Fiction – paperback; Anchor Books; 311 pages; 1998.

We are two-legged wombs, that’s all: sacred vessels, ambulatory chalices.

First published in 1985, Margaret Atwood’s The Handmaid’s Tale is going through a revival right now thanks mainly to the Hulu TV production, which screened in the US earlier this year and is currently being shown on Channel 4 here in the UK.

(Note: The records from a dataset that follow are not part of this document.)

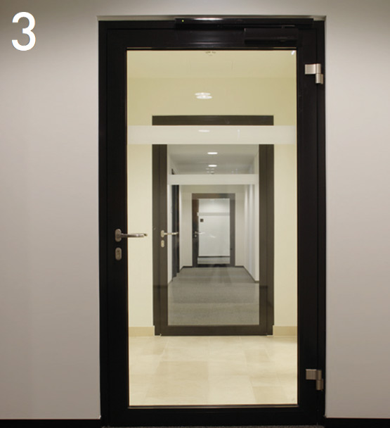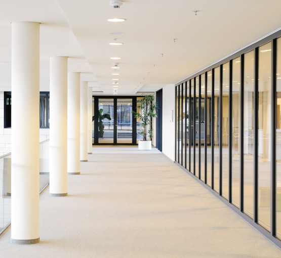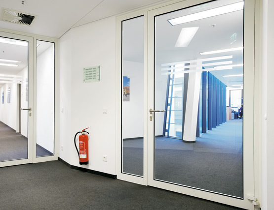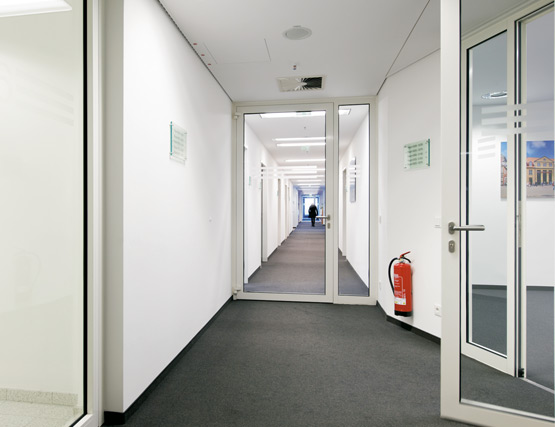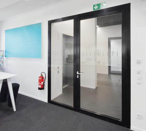 Всъщност почти няма следи от противопожарна защита в обществените и офисните помещения. Това стана възможно благодарение на използването на врати с алуминиева тръбна рамка Novoferm от серията NovoFire® в различни размери и с различни характеристики. Техните тесни профили и големи стъклени повърхности осигуряват прозрачност и високо ниво на сигурност.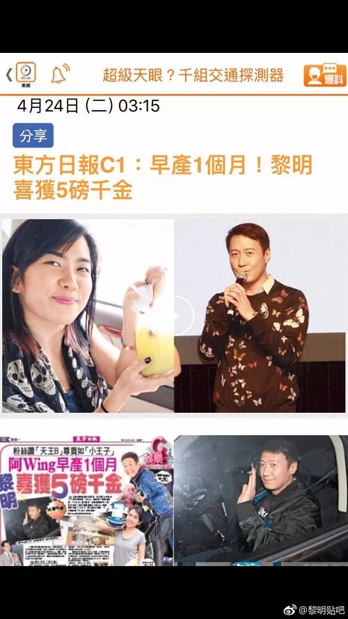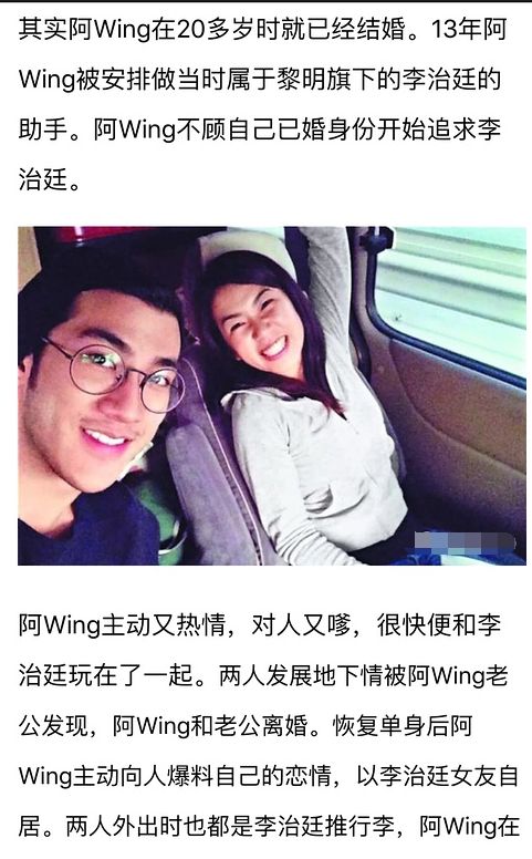 黎明的情史也在当了爸爸之后再次被翻了出来,现在的妻子大家都知道了,叫做阿wing,原来是李治廷的女助理,也跟李治廷传过很久的绯闻。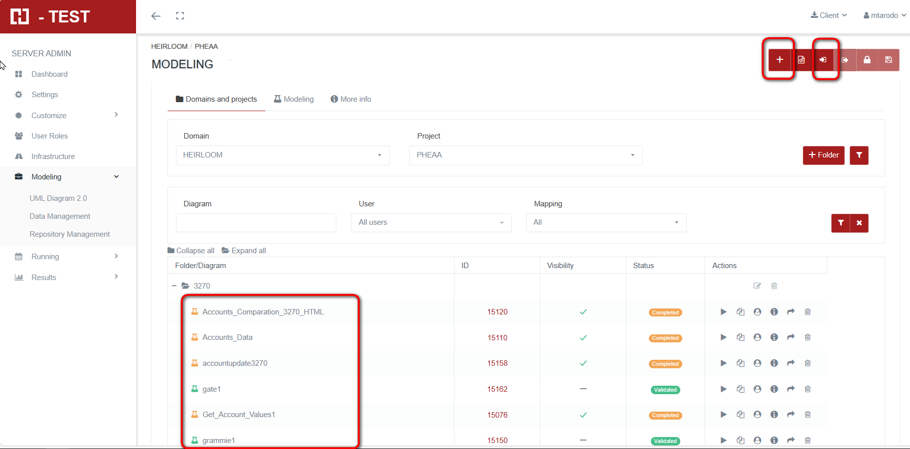 - If the user chooses to import a test case already created, he will click the “Import” button near the “New diagram” button.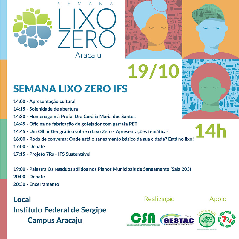 O IFS traz a temática: Onde está o saneamento básico da sua cidade? Está no lixo!. As atividades são gratuitas e direcionadas à comunidade acadêmica. “Com este evento, aposta-se claramente na ideia central de que o Lixo Zero é, antes de mais nada, uma atitude cidadã!”, afirma o professor doutor José Wellington Carvalho Vilar, coordenador do Curso Superior de Tecnologia em Saneamento Ambiental e um dos organizadores da atividade. “Esperamos mobilizar a comunidade acadêmica sobre a importância de práticas sustentáveis com os resíduos sólidos.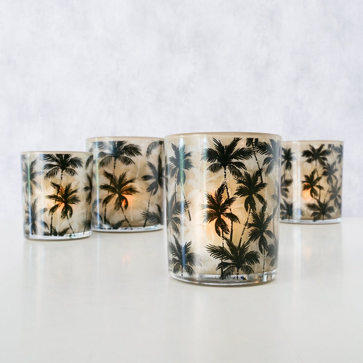 ΚΗΡΟΠΗΓΙΟ 2/ass Set/2 ΣΧΕΔΙΟ ΦΟΙΝΙΚΑΣ Palma H8,4xD7cm H10,3 D9,5cm ΜΠΕΖ ΜΑΥΡΟ ΓΥΑΛΙ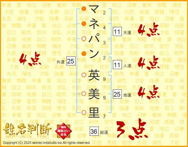 マ(2画)ネ(4画)パ(3画)ン(2画) 英(9画)美(9画)里(7画)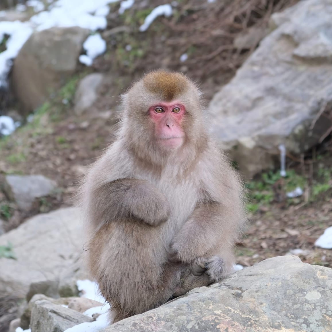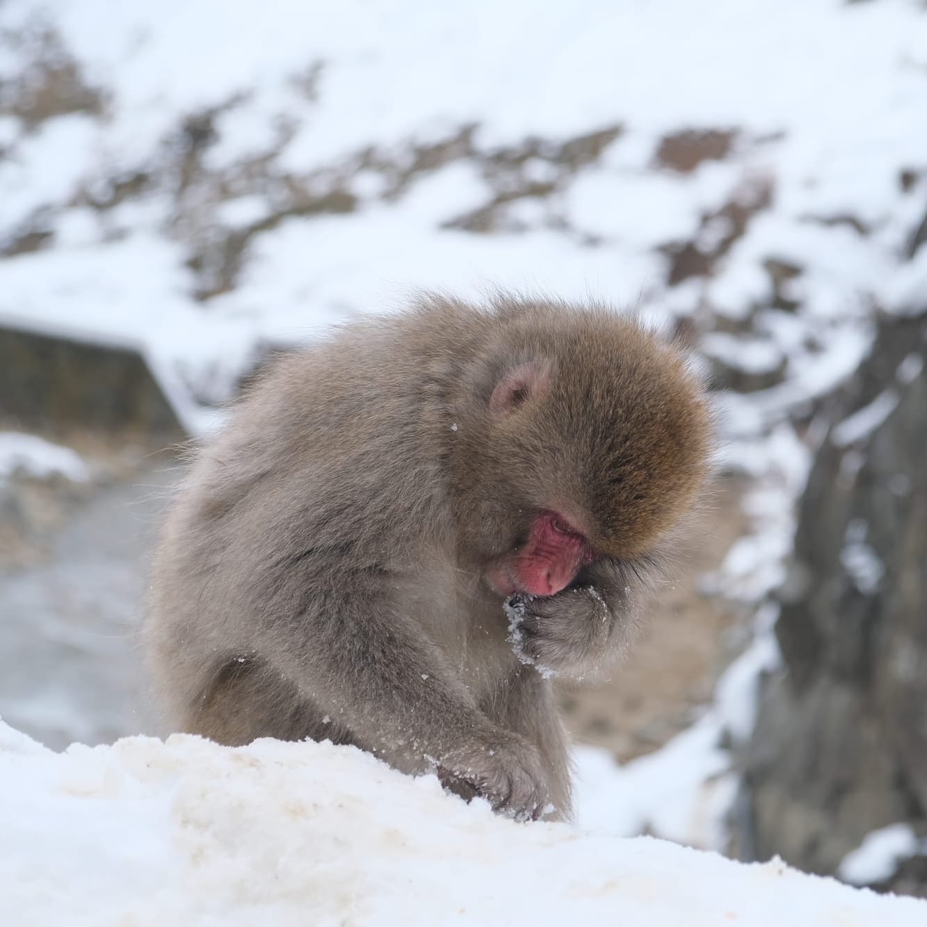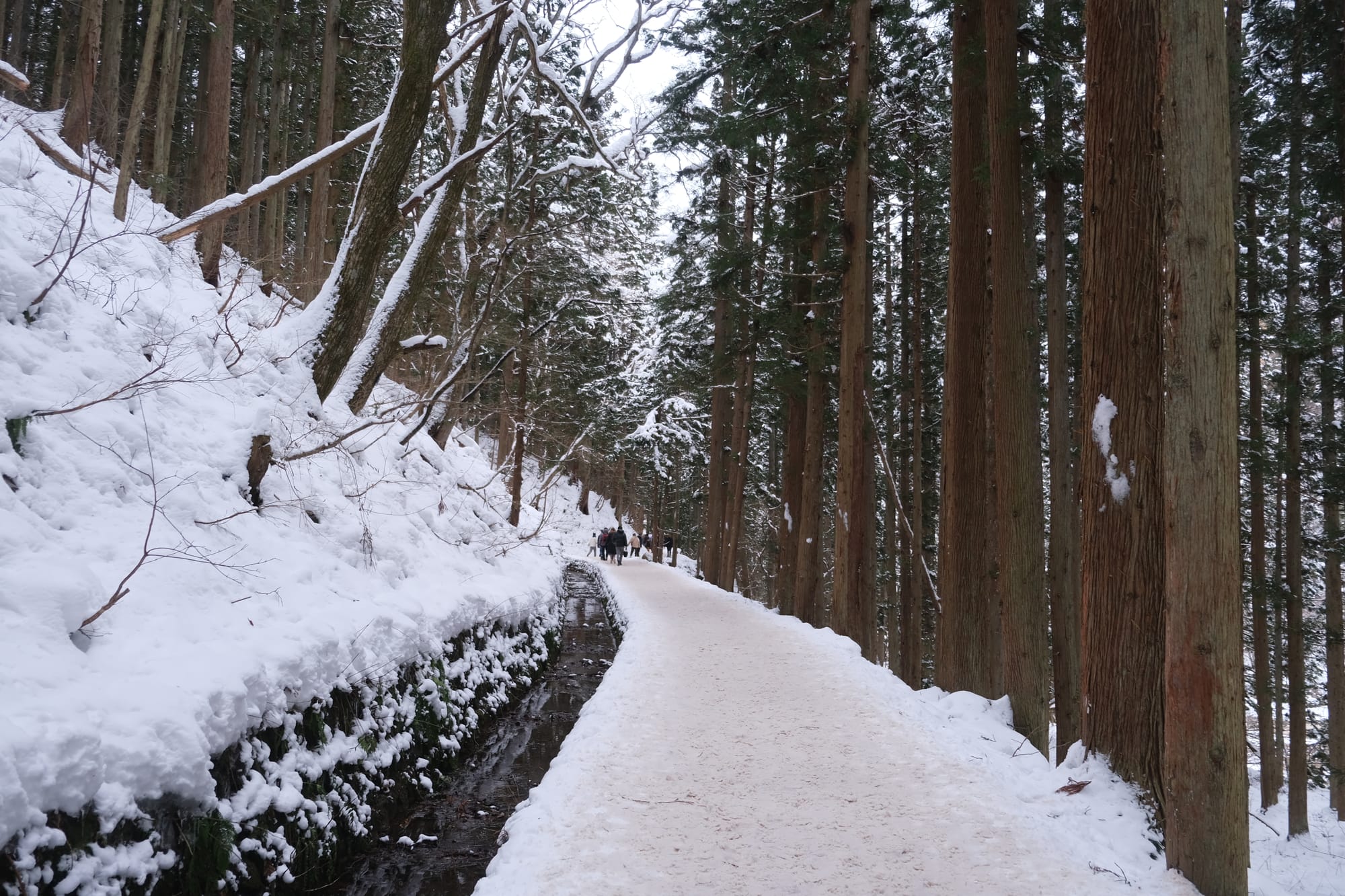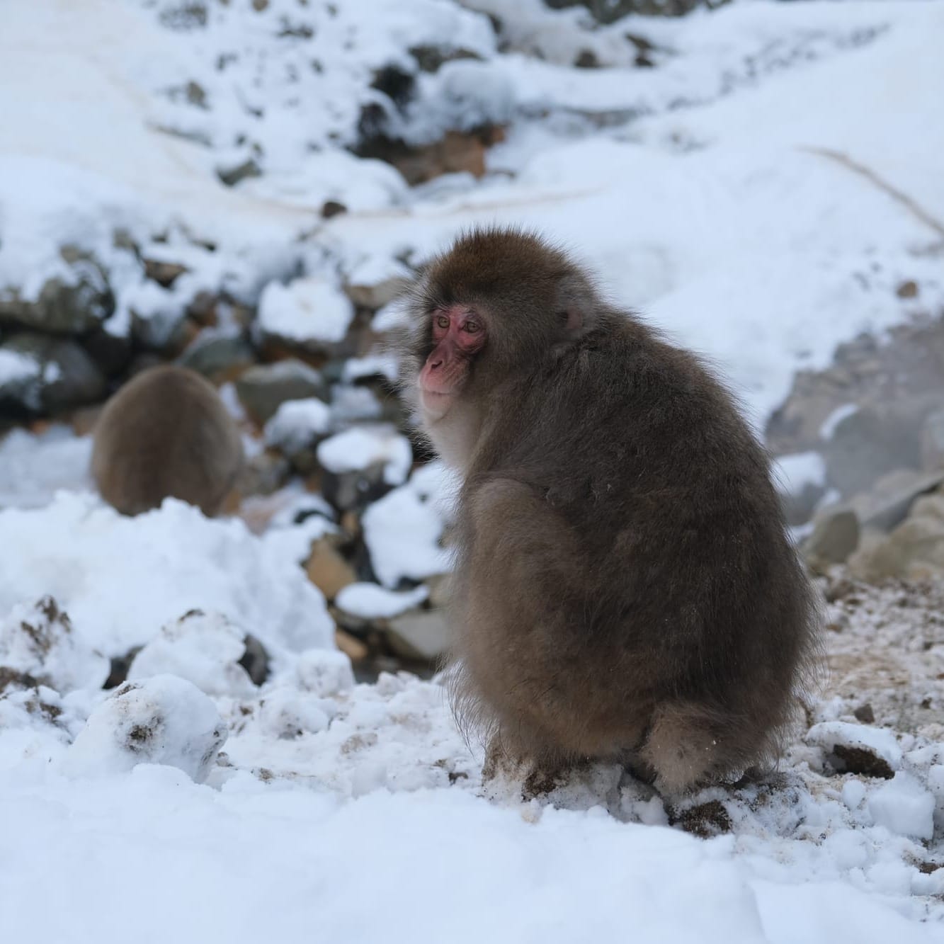 I took a shinkansen from Tokyo to Nagano and then a private train line to Yadunaka. This was properly in the mountains and here is the first time I saw snow in Japan. From Yadunaka I took a short 10 minute bus ride. From the bus stop I still had to walk about 1.5 kilometers to the actual park entrance. This was actually a beautiful walk through a mountain forest covered in snow.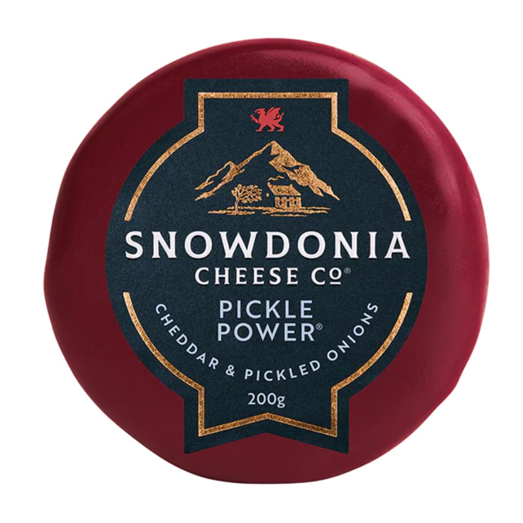 Snowdonia Pickle Power is a tangy, flavour-packed cheddar with hints of pickle. Its creamy texture balances the zesty notes, making it perfect for cheeseboards, sandwiches, or adding a playful twist to everyday dishes.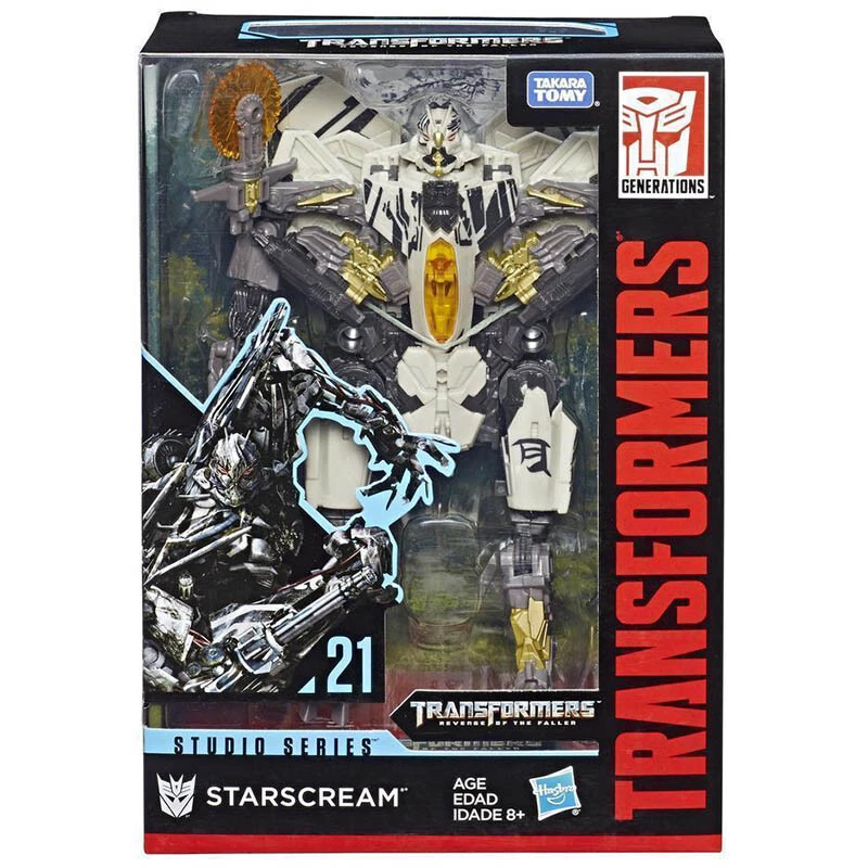 Includes Transformers Studio Series 21 Voyager Class Movie 2 Starscream figure, detailed weapon accessory, removable backdrop, and instructions.
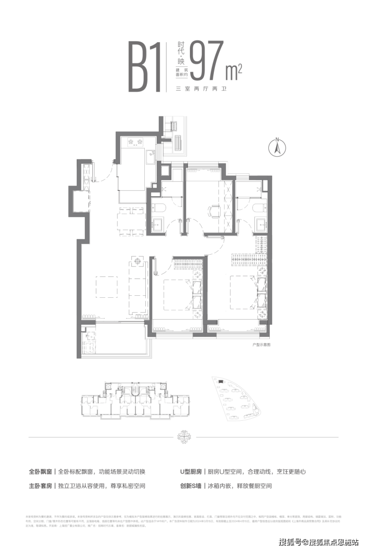 面约97m²三房两厅两卫户型,全卧+主卫飘窗配置,并通过飞机户型空间布局,提升了空间的使用效率,让温情在自然中自然发生。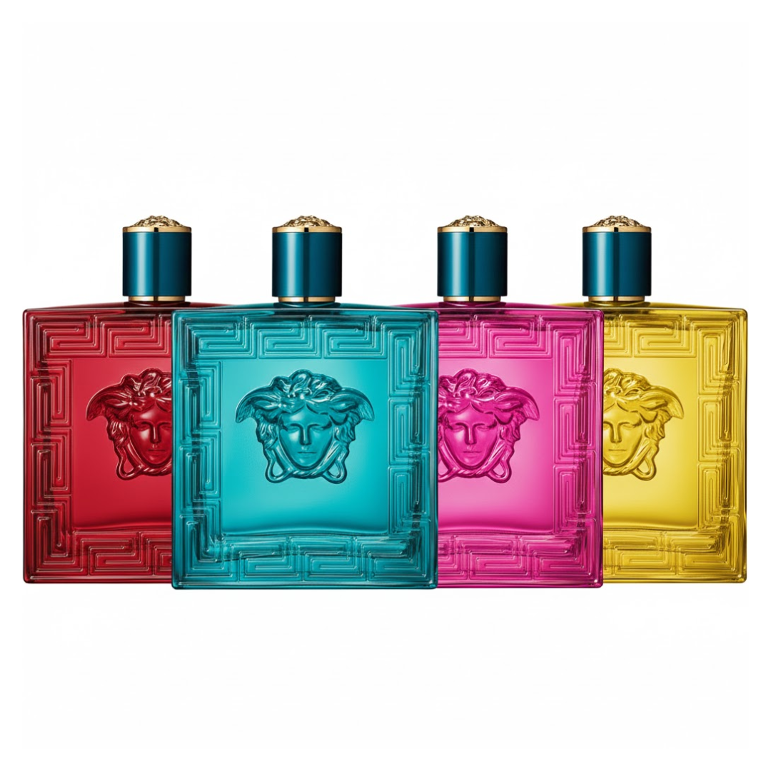 El frasco Eros Versace de 30 ml destaca por su imponente diseño en vidrio azul profundo, un color característico de la línea Eros que transmite fuerza, frescura y estilo. Presenta relieves geométricos inspirados en patrones griegos clásicos, aportando un acabado texturizado y visualmente llamativo. En el centro, el medallón de Medusa simboliza la identidad y el lujo propio de la marca Versace.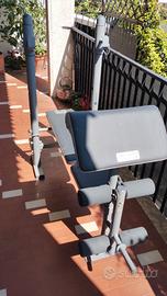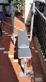 Libero spazio in garage e vendo panca piana Domyos. Usata pochissimo. ✅ Portata max 130kg + peso atleta: solida e sicura ✅ Telaio in acciaio robusto, zero giochi o oscillazioni ✅ Imbottitura compatta ✅ Gomme protettive integre su tutti gli appoggi Ha solo leggeri strisci sui supporti bilanciere, normali dopo qualche sessione. Segnalo per trasparenza un piccolo segnetto su un cuscinetto gambe, puramente estetico. Funzionalità 100%.
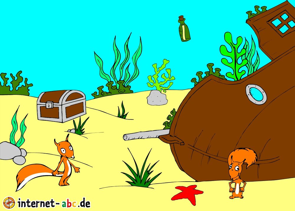 Flizzy war langweilig, doch plötzlich hörte er hinter sich ein leises Trippeln. Er drehte sich um - hinter ihm stand noch ein Flizzy. Dieser schlug ihm vor an den Strand zu gehen und im Meer zu tauchen. Gesagt - getan. Als sie untertauchen sahen sie ein großes Schiffswrack, das mit Seepflanzen zugewuchert war. Sie gingen an es zu besichtigen - und schließlich war aus einem langweiligen Tag ein spannender geworden.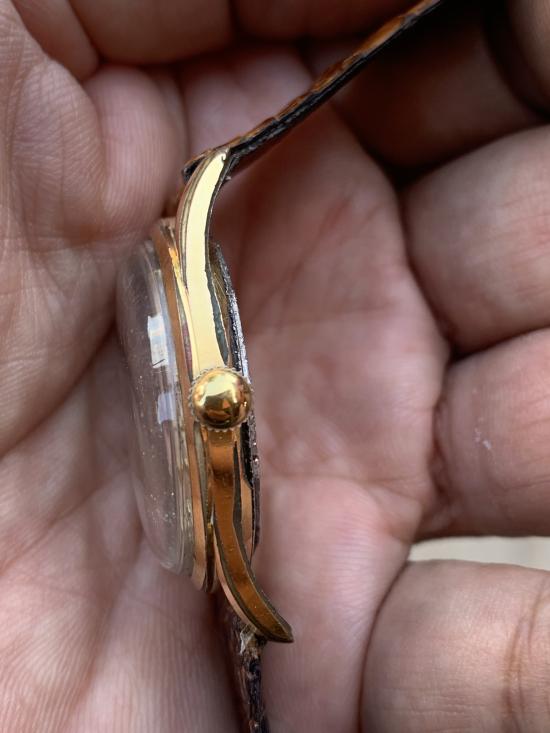 สวยตามรูป สภาพสวยตามกาลเวลา แท้วินเทจ ยุคกลางศตวรรษที่20 เรือนเข็มดาบทอง หลักธนูเลขอารบิก วันที่เดินปกติ สโนลอยมีรอยร้าวนิดๆ ไม่ผลต่อการใส่ ดูไห้ชอบแล้วค่อยเคาะจะได้ไม่เสียเวลากันครับ รับประกันตามกฏ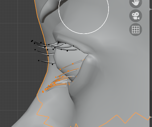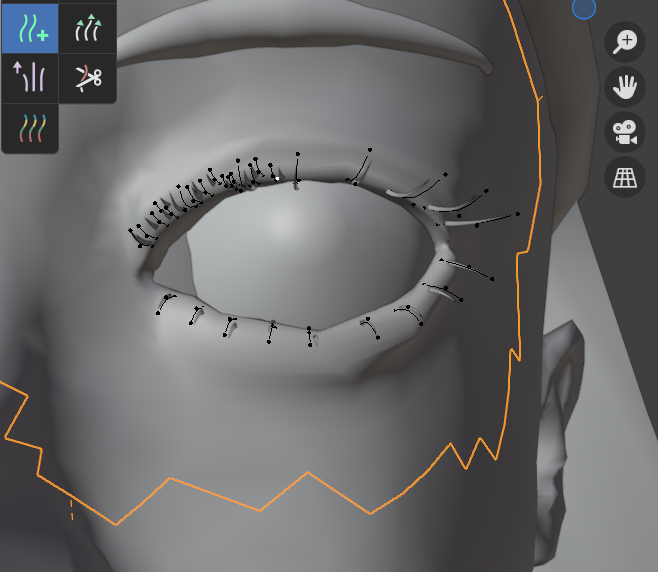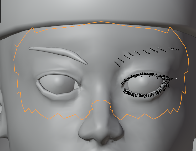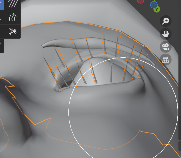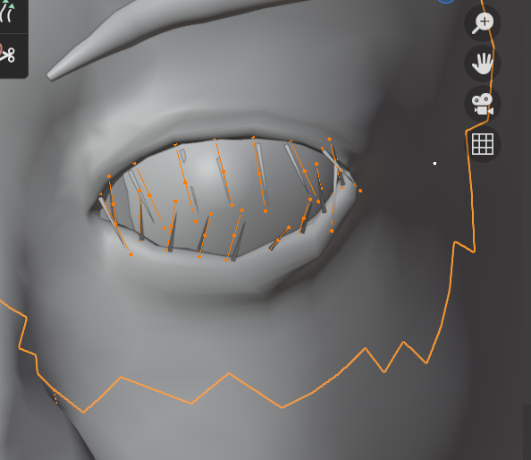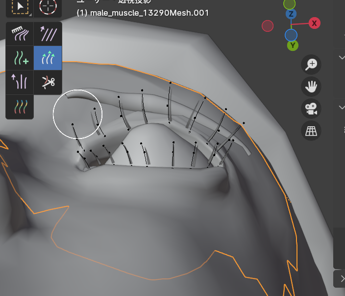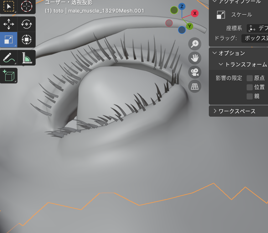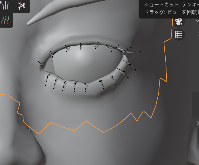 Alt+Aで選択解除してから下まつ毛だけをすべてLでリンク選択して、下まつ毛の形状を整えていきます。

My edition, by Anchor Books, has been sitting on my shelf unread ever since picking it up in a charity shop more than a decade ago. I decided to read it before I started watching the 10-part TV series, so I packed it in my suitcase on a recent trip to the Greek island of Rhodes and devoured it one (unseasonably) rainy day.

A classic feminist novel

What’s left to say about this classic that hasn’t already been said? Most of you will know it’s a dystopian novel where women are seen solely as reproductive chattels, that they live in a strictly organised patriarchal society, but are governed by other women, known as Aunts, and that they have no rights: they cannot earn money, wear make-up, listen to music or read books.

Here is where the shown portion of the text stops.